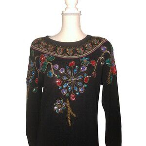 Vintage SML Sport LTD Sz S Women’s '92 Black Sequin Beads Christmas Knit Sweater
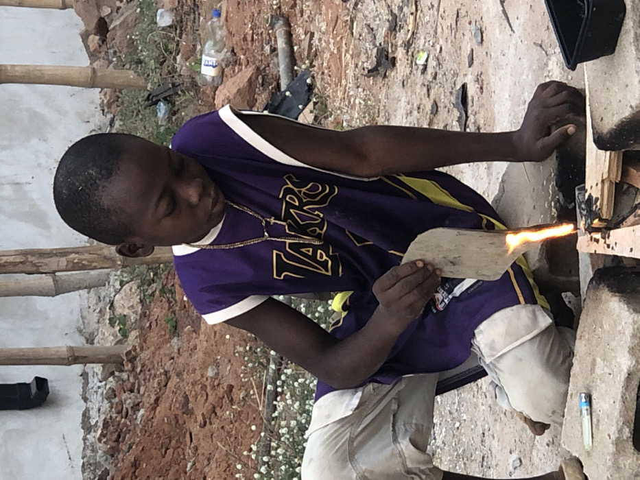 In Enugwu-Ukwu, Nigeria, a young Black male, appearing to be a child, is depicted outdoors in a crouching or kneeling position. He wears a purple sleeveless basketball jersey with "LAKERS" written in yellow text, and light-colored shorts. A gold-colored chain with a cross pendant hangs around his neck. His gaze is directed downwards, focused on an activity involving fire. He holds a flat, light-colored wooden paddle-like object in his right hand, positioned above a small, contained fire. A bright orange-yellow flame is visible, emanating from the underside of the wooden object and directing heat towards a dark, possibly melting substance resting on small pieces of wood. This setup is supported by two rough concrete blocks or bricks. A translucent blue and white disposable lighter rests on the left concrete block. To the right of the heating arrangement, a black rectangular container is visible on the ground. The immediate ground is composed of reddish-brown dirt with patches of small white flowering plants and green foliage. In the mid-ground, discarded items such as a clear plastic water bottle, a dark object, and a metal pipe segment are present. The background features a light-colored wall with a black PVC drainage pipe on the left, and several vertical natural wooden poles or bamboo stalks on the right.
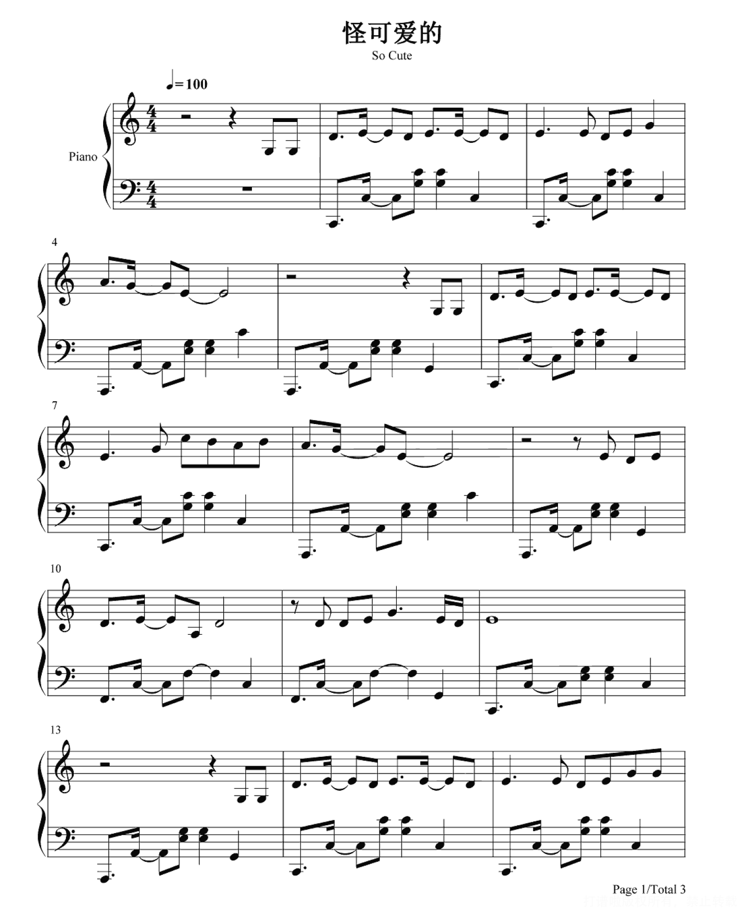 当前位置:琴谱网>钢琴谱>怪可爱的
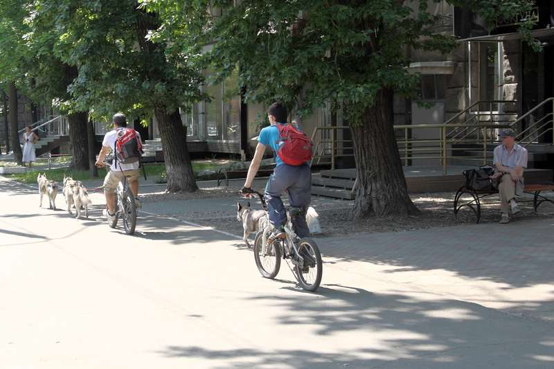 Собачьи упряжки ехали слишком быстро и в неожиданном месте, хороших картинок не получилось. Предложение хозяевам: совершенно бесплатно отснимем ваших питомцев в более удобных условиях, желательно тоже вместе с велосипедом.

* _YOUR TASK_
Repeat each line word for word, from the one with "当前位置:琴谱网>钢琴谱>怪可爱的" down to the last line of the data, and keep the pictures out of it.

* _RESULT FOR THIS TASK_
 当前位置:琴谱网>钢琴谱>怪可爱的
 Собачьи упряжки ехали слишком быстро и в неожиданном месте, хороших картинок не получилось. Предложение хозяевам: совершенно бесплатно отснимем ваших питомцев в более удобных условиях, желательно тоже вместе с велосипедом.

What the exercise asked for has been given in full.